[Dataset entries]
"""
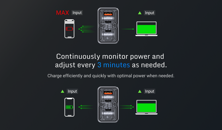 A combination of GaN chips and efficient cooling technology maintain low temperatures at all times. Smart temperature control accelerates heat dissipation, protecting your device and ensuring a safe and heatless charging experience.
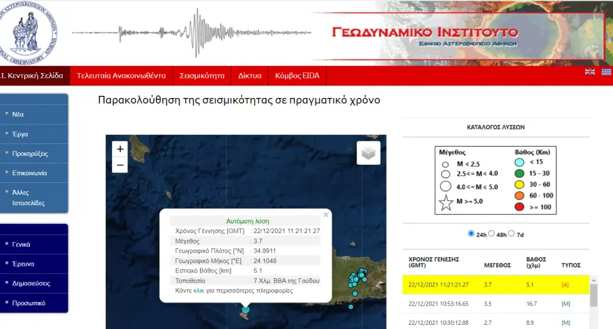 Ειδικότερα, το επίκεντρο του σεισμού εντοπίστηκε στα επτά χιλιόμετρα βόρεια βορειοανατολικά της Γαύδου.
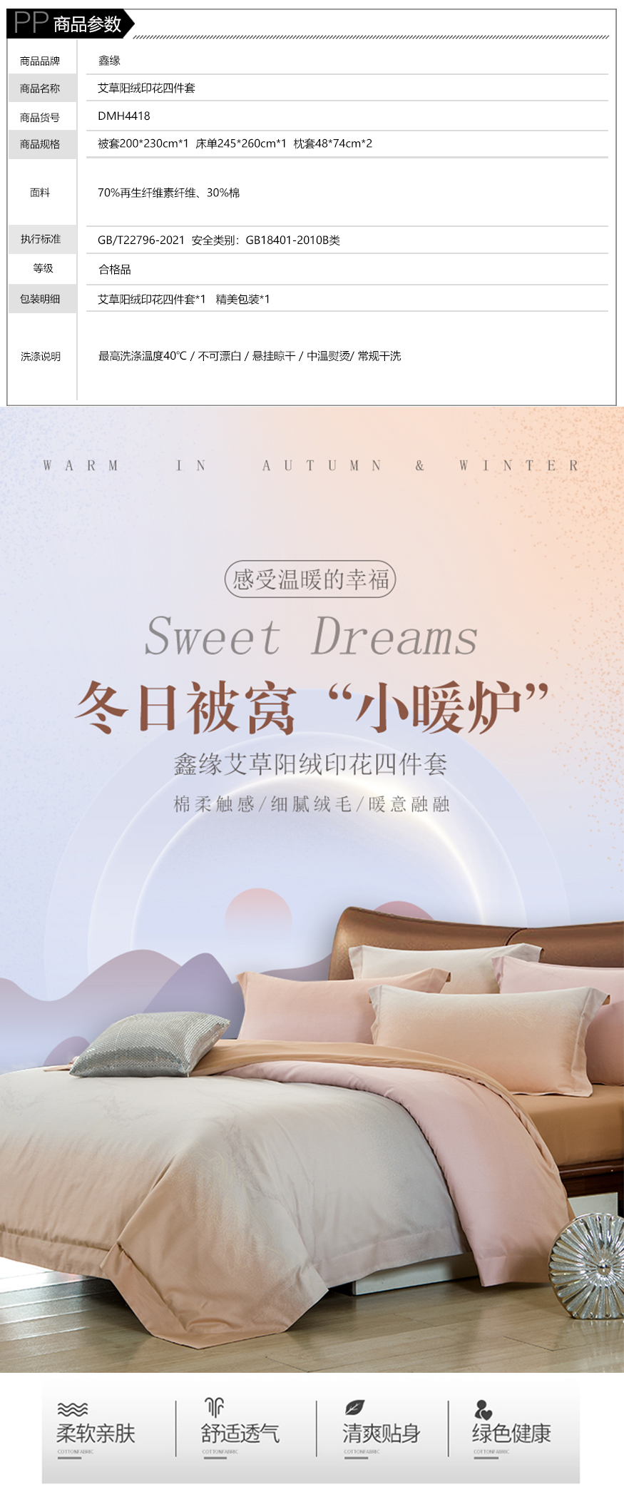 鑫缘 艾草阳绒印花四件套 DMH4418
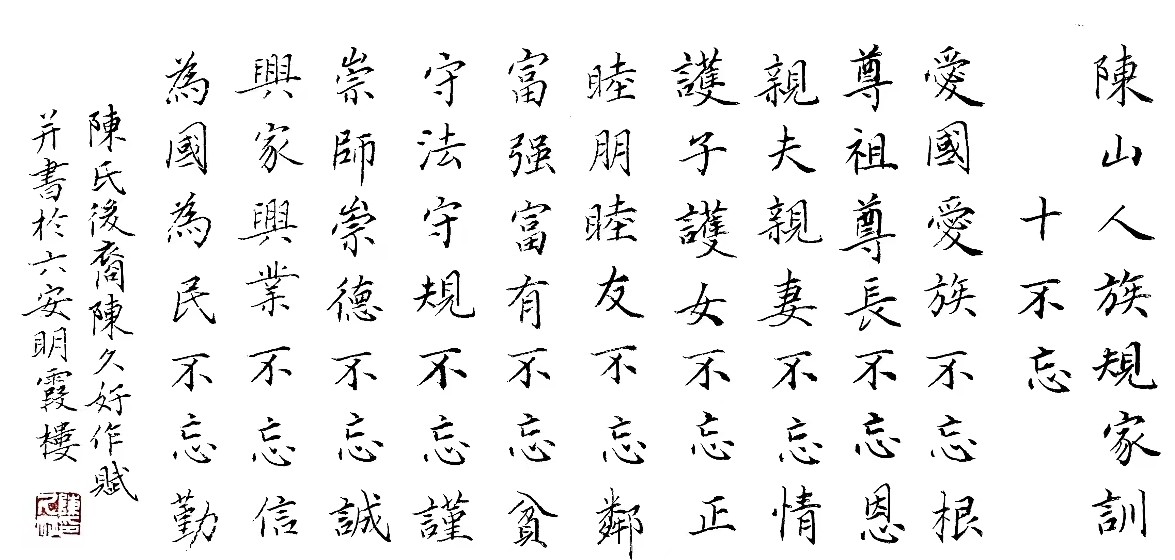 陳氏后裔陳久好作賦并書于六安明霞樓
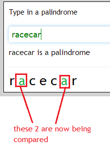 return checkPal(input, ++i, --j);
"""
-- Directions for this task --
Transcribe the records word for word and include no pictures.

-- Result of the exercise --
 A combination of GaN chips and efficient cooling technology maintain low temperatures at all times. Smart temperature control accelerates heat dissipation, protecting your device and ensuring a safe and heatless charging experience.
 Ειδικότερα, το επίκεντρο του σεισμού εντοπίστηκε στα επτά χιλιόμετρα βόρεια βορειοανατολικά της Γαύδου.
 鑫缘 艾草阳绒印花四件套 DMH4418
 陳氏后裔陳久好作賦并書于六安明霞樓
 return checkPal(input, ++i, --j);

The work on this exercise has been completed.